2.2 Resusitasi Jantung Paru (RJP)
2.2.1 Definisi
Resusitasi atau reanimasi mempunyai arti harfiah menghidupkan kembali,
dimaksudkan sebagai sebuah prosedur medis yang bertujuan mengembalikan
fungsi dari sistem kardiovaskular dan atau sistem respirasi pada seseorang yang
sedang mengalami episode henti jantung atau paru berlanjut menjadi kematian
biologis, lebih dikenal dengan nama resusitasi jantung paru (RJP).6
Henti jantung merupakan kegagalan mendadak dari jantung untuk
mempertahankan sirkulasi yang adekuat. Hal ini dapat disebabkan oleh fibrilasi
ventrikel, asystole, atau ketiadaan aktivitas kelistrikan jantung. Penting untuk
mengetahui bahwa apakah tindakan RJP akan memberikan pengaruh pada kondisi
pasien atau tidak, karena jika memberikan pengaruh yang efektif maka harus
dilaksankan dengan secepatnya dan akan lebih baik jika dilakukan kurang dari 3
menit setelah henti jantung terjadi.7
RJP merupakan salah satu bentuk intervensi medis yang memerlukan
perhatian yang lebih. RJP terdiri dari beberapa teknik yang dirancang untuk
memperbaiki sirkulasi dan respirasi pada kejadian henti jantung atau paru. RJP
merupakan serangkaian prosedur medis yang dirancang untuk mengembalikan
9
fungsi pernapasan dan sirkulasi pada seseorang yang mengalami henti napas,
hilangnya denyut jantung, atau kehilangan kedua fungsi tersebut.2
RJP bentuk yang paling sederhana adalah dari mulut ke mulut dan
insuflasi kompresi dada, hal ini diajarkan kepada orang-orang untuk digunakan
dalam situasi darurat. Defibrillator eksternal otomatis (AED) sekarang tersedia
untuk digunakan oleh orang awam. Di rumah sakit, RJP biasanya dilakukan oleh
tim terlatih yang bertugas untuk panggilan darurat.
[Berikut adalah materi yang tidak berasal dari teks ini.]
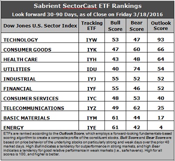 Outlook score is forward-looking while Bull and Bear are backward-looking. As a group, these three scores can be helpful for positioning a portfolio for a given set of anticipated market conditions. Of course, each ETF holds a unique portfolio of stocks and position weights, so the sectors represented will score differently depending upon which set of ETFs is used. We use the iShares that represent the ten major U.S. business sectors: Financial (IYF), Technology (IYW), Industrial (IYJ), Healthcare (IYH), Consumer Goods (IYK), Consumer Services (IYC), Energy (IYE), Basic Materials (IYM), Telecommunications (IYZ), and Utilities (IDU). Whereas the Select Sector SPDRs only contain stocks from the S&P 500, I prefer the iShares for their larger universe and broader diversity. Fidelity also offers a group of sector ETFs with an even larger number of constituents in each.

Teknik RJP meliputi kompresi
dada tertutup, intubasi dengan ventilasi, elektrokonversi aritmia, dan penggunaan
obat-obatan kardiotonik dan vasopresin.2,4
The Joint Commision on Accreditation of Health Care Organizations
mengharuskan rumah sakit memiliki kebijakan resmi mengenai RJP. Biasanya,
kebijakan tersebut mengharuskan RJP menjadi urutan tetap, yaitu RJP akan
dilakukan pada setiap pasien yang menderita serangan jantung atau pernapasan
tanpa perintah tertulis yang biasanya diperlukan untuk mengotorisasi prosedur
rumah sakit. Kebijakan itu mengharuskan suatu perintah tertulis untuk
mengotorisasi kelalaian RJP untuk pasien tertentu. Dengan demikian, dokter bisa
tidak melakukan RJP ketika ada pernyataan tertentu bahwa itu harus tidak
dilakukan. Pernyataan ini disebut do not resuscitate (DNR) atau do not attempt
resuscitation (DNAR) dan sering ditetapkan sebagai no code. Kelalaian RJP
setelah menilai cardiopulmonary akan mengakibatkan kematian pasien.
10
2.2.2 Indikasi dilakukan RJP
a. Henti Napas
Penyebab dari henti napas primer (respiratory arrest) dapat berupa banyak
hal, misalnya serangan stroke, keracunan obat, tenggelam, inhalasi
asap/uap/gas, obstruksi jalan napas oleh benda asing, tersengat listrik,
tersambar petir, serangan infark jantung, radang epiglottis, tercekik
(suffocation), trauma dan lain-lain. Jika henti napas mendapatkan
pertolongan segera maka pasien akan terselamatkan hidupnya dan
sebaliknya jika terlambat akan berakibat henti jantung.
b. Henti Jantung
Henti jantung primer (cardiac arrest) merupakan ketidaksanggupan curah
jantung untuk memberi kebutuhan oksigen ke otak dan organ vital lainnya
secara mendadak dan dapat kembali normal, jika dilakukan tindakan yang
tepat atau akan menyebabkan kematian atau kerusakan otak. Henti jantung
ditandai dengan denyut nadi besar tak teraba, sianosis atau pucat sekali,
pernapasan berhenti atau satu-satu, dilatasi pupil dan tidak bereaksi
terhadap rangsang cahaya, dan pasien tidak sadar.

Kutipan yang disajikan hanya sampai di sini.